Once the body has used the carbohydrates consumed, the blood sugar (blood sugar), that is to say the blood glucose content, increases. To lower it again, the pancreas releases insulin. This hormone also regulates the conversion of glucose into fat. This means that the more carbs you eat, the more insulin you release and the more fat storage is stimulated.

Conversely, this means that those who consume little carbohydrate and especially slowly digestible carbohydrates keep their blood glucose and insulin secretion low and are therefore less likely to accumulate fat. In addition, the body is stimulated by low blood sugar to use the energy of fat cells, since it receives the signal that the food does not provide enough energy.

Those who want to fully utilize the metabolic benefits of the low carbohydrate diet simply reduce their daily carbohydrate intake over a longer period to no more than 50 g. If the body receives some carbohydrates for more than one or two days, it goes into a specific metabolic state that increasingly attacks fat stores.

During this state called “ketosis”, the body transforms liver fat into “ketone bodies”. These replace glucose as a source of energy. The few carbs that the body absolutely needs are produced from amino acids and glycerin from the fat itself.

Plus, this diet has some benefits for better health, such as lowering the risk of diabetes mellitus, cholesterol and hypertension – if you do not eat too much meat and fat!

Low carb diet side effects

The restriction in fruits and vegetables gives rise to deficiencies in vitamins, minerals, antioxidants and fibers.

The lack of carbohydrates causes headaches, and a great fatigue especially muscular. It is a diet strongly discouraged to athletes, who need carbohydrates to support their effort. In addition, the absence of carbohydrates also affects the mood (rather bad …), because the sugars participate mainly in the secretion of serotonin, happiness hormone.

Those who cover their energy needs mainly with fats and proteins, that is to say with foods low in carbohydrates, and who thus put their body in a state of ketosis , should expect to emit a strong oral odor and bodily, which is produced by the elimination of ketones.

In addition, switching to a low carbohydrate diet may result in side effects such as reduced performance, headaches or fatigue. In general, an extremely high protein diet can stress the liver and kidneys and cause uric acid levels to rise.

The high fat intake can in turn lead to an increase in cholesterol and thus to the obstruction of the arteries.

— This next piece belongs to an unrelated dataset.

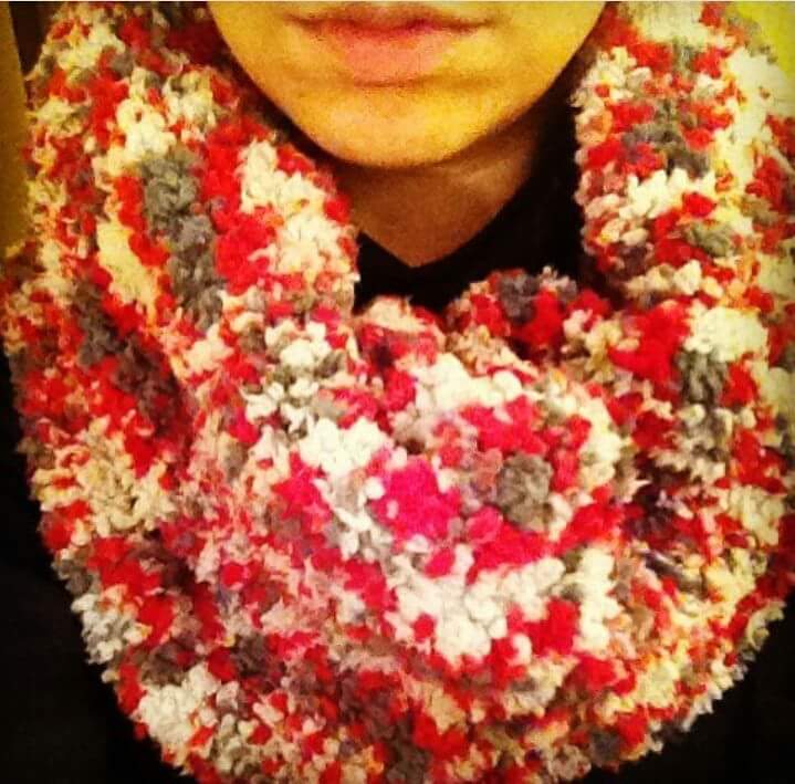 Πολύχρωμο χειροποίητο πλεκτό κασκόλ λαιμού (ροζ, γκρι, λευκό)

In addition, widespread abandonment of grain products and other effective fiber sources may result in constipation.

Another disadvantage: a radically low carbohydrate diet hinders high performance sports, because carbohydrates are an essential source of energy for athletes. Another problem is that the risk of relapse and breaking the rules is high because carbohydrates are an important nutrient in most crops, which is virtually impossible to avoid in everyday life and with a varied diet.

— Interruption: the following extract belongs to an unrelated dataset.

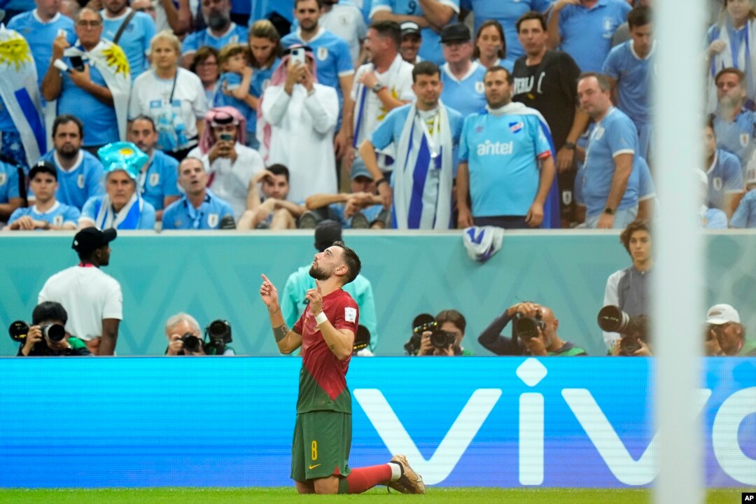 Bruno Fernandes, celebra o seu segundo golo contra o Uruguai. Portugal ganhou o Uruguai por 2-0, em jogo do grupo H, no Estádio Lusail, Doha. Com esta vitória, Portugal passou à fase dos oitavos-de-final do Mundial.

One of the few cultures in which people traditionally eat mainly low carbohydrate foods is Eskimo culture. As the environment in which they live suggests, they eat mainly fatty fish and meat from the Arctic region.

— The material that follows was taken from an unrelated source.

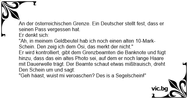 "Ah, in meinem Geldbeutel hab ich noch einen alten 10-Mark-Schein. Den zeig ich dem Ösi, das merkt der niсhт."

Like any restrictive diet, the low carb method, if not followed for life, will inevitably create a yoyo effect with a weight recovery more consistent than the weight loss achieved. In addition, drastic restrictions can lead to frustrations leading to compulsive eating disorders.

Our opinion on the Low Carb Diet

The Low Carb method is interesting because it puts an end to the obsession with calories and the demonization of fat. But it keeps all the major disadvantages of diets, with 90% failure in the long run. Positive point to remember: remain vigilant on the hidden sugars of the industrial diet, which are responsible for many nutritional disorders of our time.

About the author

Mind & Health

Mind & Health

Mind & Health's mission is to disseminate information in the field of health and well-being. The information provided in this magazine is intended to improve and not to replace the relationship between the reader of the magazine and his doctor. The use of plants for therapeutic purposes can in no way substitute or be added to medical treatment current without the advice of a doctor.